City Council last week approved an amendment in which “project (or projects) shall be exempt from all Ripon Consolidated Fire District development impact fees and inspection fees, except where inspections are performed by a third party inspector.”

The vote tally was 4-1, with Councilman Leo Zuber casting the lone “no” vote.

Vice Mayor Elden ‘Red’ Nutt noted that the fire district agreed to adopt a similar fee reduction or waiver policy. “It’s clean, it’s simple and, one way or another, it’ll be easy for both entities to understand,” he said.

Nutt, Councilman Dean Uecker and City Attorney Tom Terpstra recently met with fire officials on Development Impact Fees.

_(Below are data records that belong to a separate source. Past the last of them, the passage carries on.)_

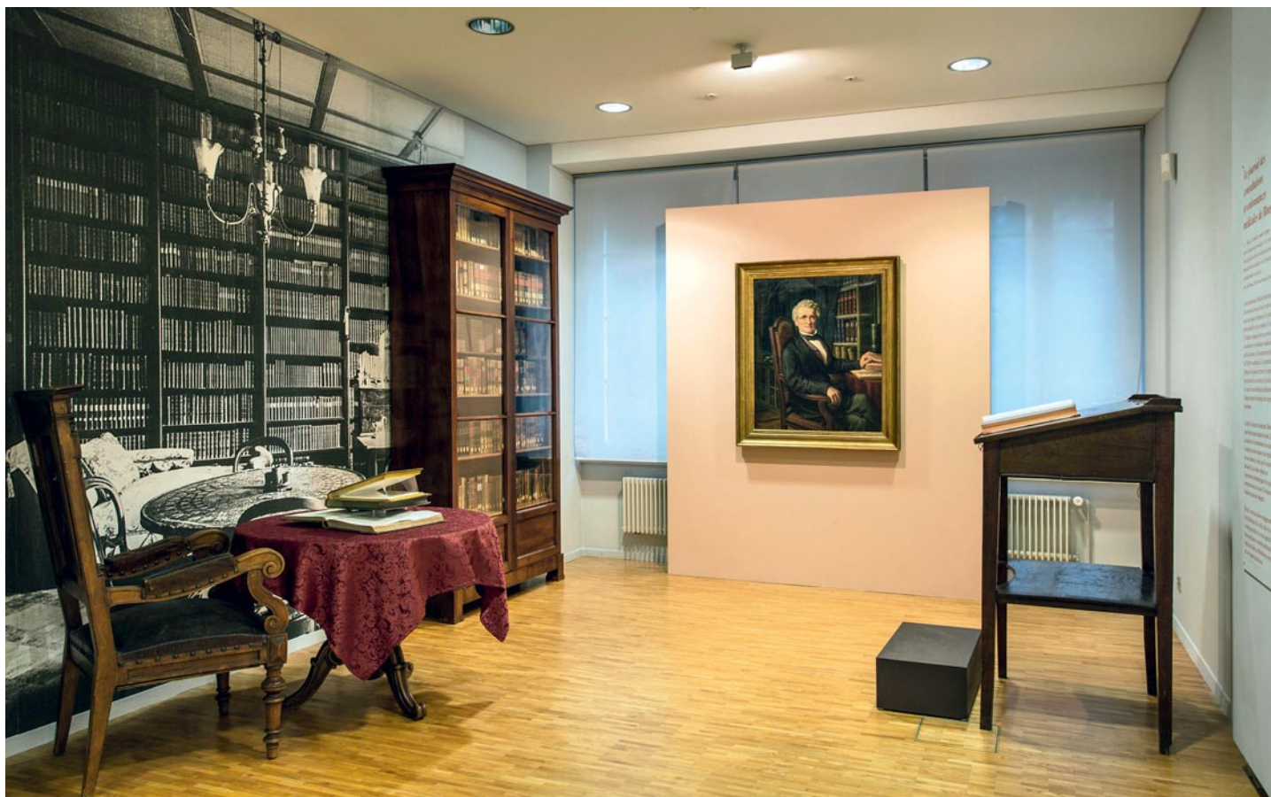
Vue de l'exposition: la chambre d'étude de Bloesch.

se base moins sur sa formation académique que sur son expérience propre, réfléchie et notée systématiquement.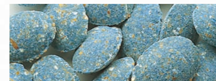
Cebos para ratas y ratones de eficacia probada, Indicados también para lugares húmedos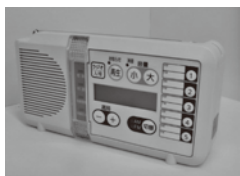
戸別受信機イメージ

市ではケーブルテレビ回線を活用して、各世帯に地震や災害の緊急情報等を受信できる戸別受信機を設置する「緊急情報伝達システム事業」を実施しています。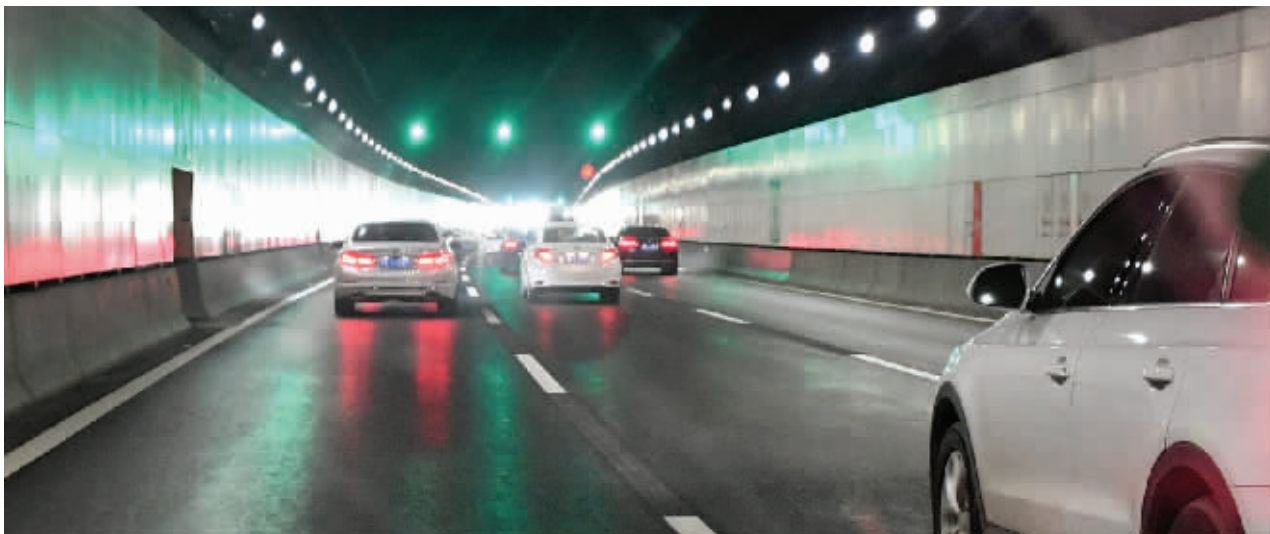
通行政策调整后,应天大街长江隧道出口可变车道将延长至1.6公里

南京江心洲长江大桥(长江五桥)即将通车,12月21日,现代快报记者从南京长江隧道有限公司获悉,应天大街长江隧道通行政策将相应调整,全面禁止货车通行。同时,为响应市民需求,提高总体通行效率,隧道内将再次增加可变道区域,并对各类客车行驶车道进行具体规定,大型客车须靠右行驶。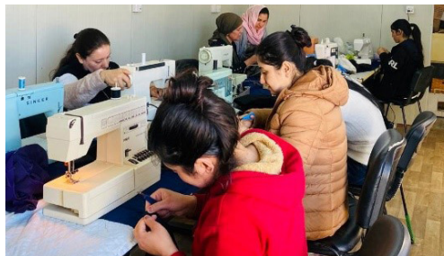
Mit-Nähkursen fing alles an; Fotos: Kh. Al-Rasho/IGFM

Jetzt, da die irakische Regierung die Auflösung der Lager beschlossen hat, versuchen immer mehr Flüchtlinge, in ihre Heimat – das Shingal-Gebiet – zurückzukehren. Abgesehen von den immer noch nicht gelösten Eigentumsfragen und der Unsicherheit aufgrund gewaltbereiter Banden und Clans ist der Mangel an Handwerkern das größte Problem beim Wiederaufbau. Im gesamten Shingal-Gebiet sind momentan nur 15 kleine Handwerksunternehmen tätig. Der Bedarf ist also immens.

The fire district, which is separate from the City, is building a $1.82 million substation on the northeast section of town and had requested the fee waiver for local facilities (water, parks, library, etc.), building and engineering (building permits, building plan checks and engineering) and other fees (school, fire, county facilities and habitant mitigation).

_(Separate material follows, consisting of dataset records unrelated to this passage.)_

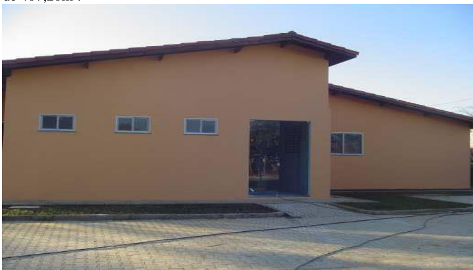
FIGURA 4 - Construção da Fábrica de Doces e Biscoitos - área construída de 407,20m 2 .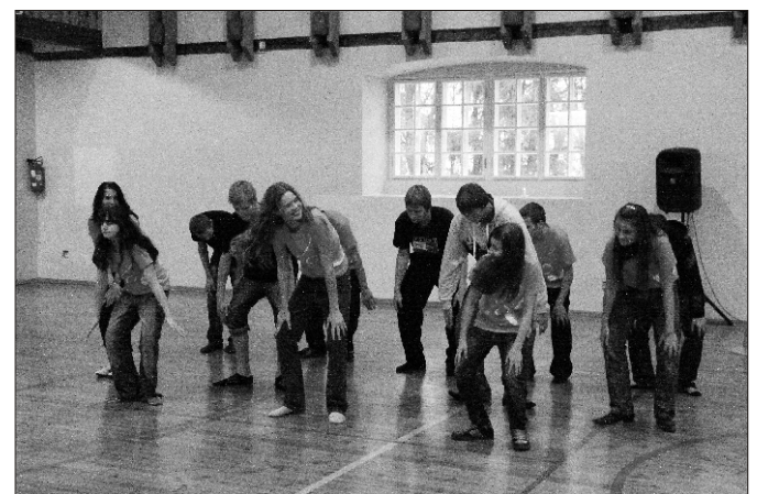
Tantsunumber Lahmuse Kooli õpilastelt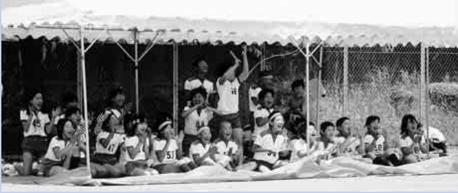
笑わせるな がんばれー

晴天のこの日、児童は自己の記録更新を目指して各競技に参加しました。各競技ともスタート前の緊張感、ゴール後の安ど感が伝わってくる見応えのある記録会で、声援に後押しされ、日頃の練習の成果を発揮できた子供達が、少し大きく成長して見える有意義なものでした。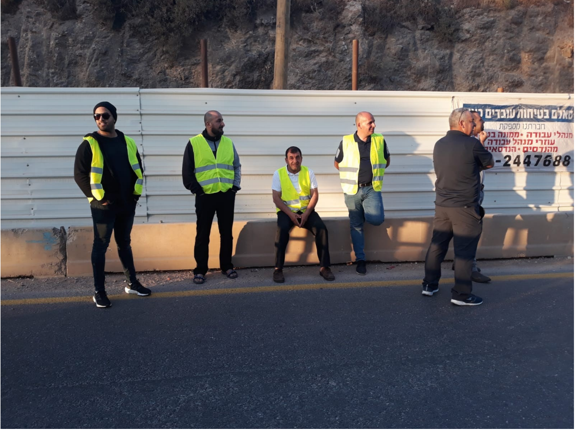
أعضاء لجنة السلم الأهلي في دير حنا

ورغم التزام اللجنة بعملها، ومحافظتها على سلمية الاحتجاج، إلا أن أحد عناصر الشرطة، والذي وصل إلى المفرق الشرقي للبلدة، قام بتهديد الشبان، وسرعان ما توافدت قوات من الشرطة على المفرق الغربي وباشرت بإطلاق قنابل الصوت والغاز. ولفت إلى أنه عند وصول الشرطة إلى المفرق الشرقي، ورغم عدم تواجد أي شخص في المفرق، أطلقت العديد من قنابل الغاز في المنطقة، أصابت إحداها بيت أحد أصحاب الإعاقات.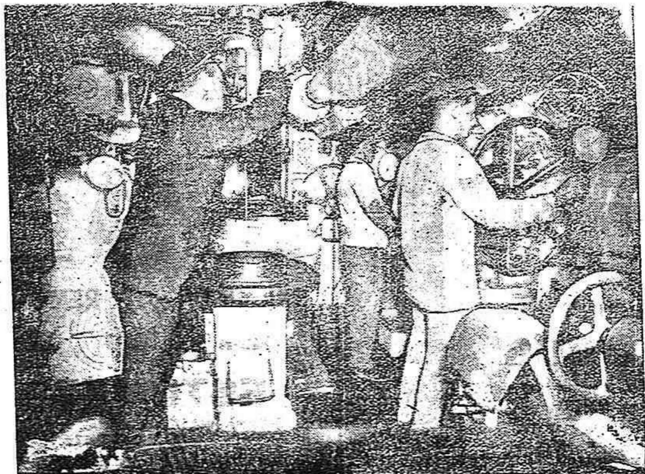
Interior de un submarino francés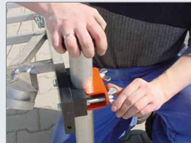
Die seitlichen Stützen werden mittels Flügelmuttern fixiert.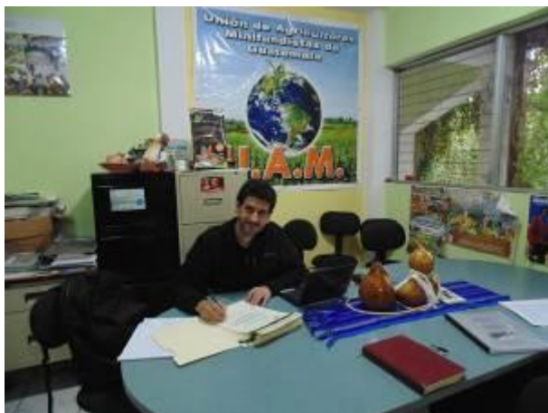
(Arriba) Firma de los certificados del Diplomado.

The total came out to over $77,000 in impact fees.

Just to back track, fire Chief Dennis Bitters took it upon himself to gladly waive similar-type fees to the City during construction of Ripon City Hall in 2006.

The fire district is the process of building a 6,000=square-foot facility at River Road and West Road as an “infrastructure rather than a growth project for the city,” Bitters recently said.

Once completed, the fire station will have living quarters, apparatus bays, a meeting room and a space to someday accommodate a police substation.

Zuber, meanwhile, supported the initial amendment in with the City would grant fee waivers on a case-by-case basis. “I think this one is better overall because it gives us flexibility,” he said.

Councilman Jake Parks had agreed that the case-by-case option appeared better because “it keeps our options open” and better on the long term.

He and Mayor Chuck Winn voted for the second option that came about from the two-by-two meeting held on March 18.

It was here that both parties agreed that the city and fire district would exempt each other from development impact and inspection fees.

Terpstra said that, on the legal side, both policies were OK.

“I have no preference, either way,” he said. “I don’t think staff has a problem either.”

The ordinance will come back to Council at an upcoming meeting for a first reading and introduction.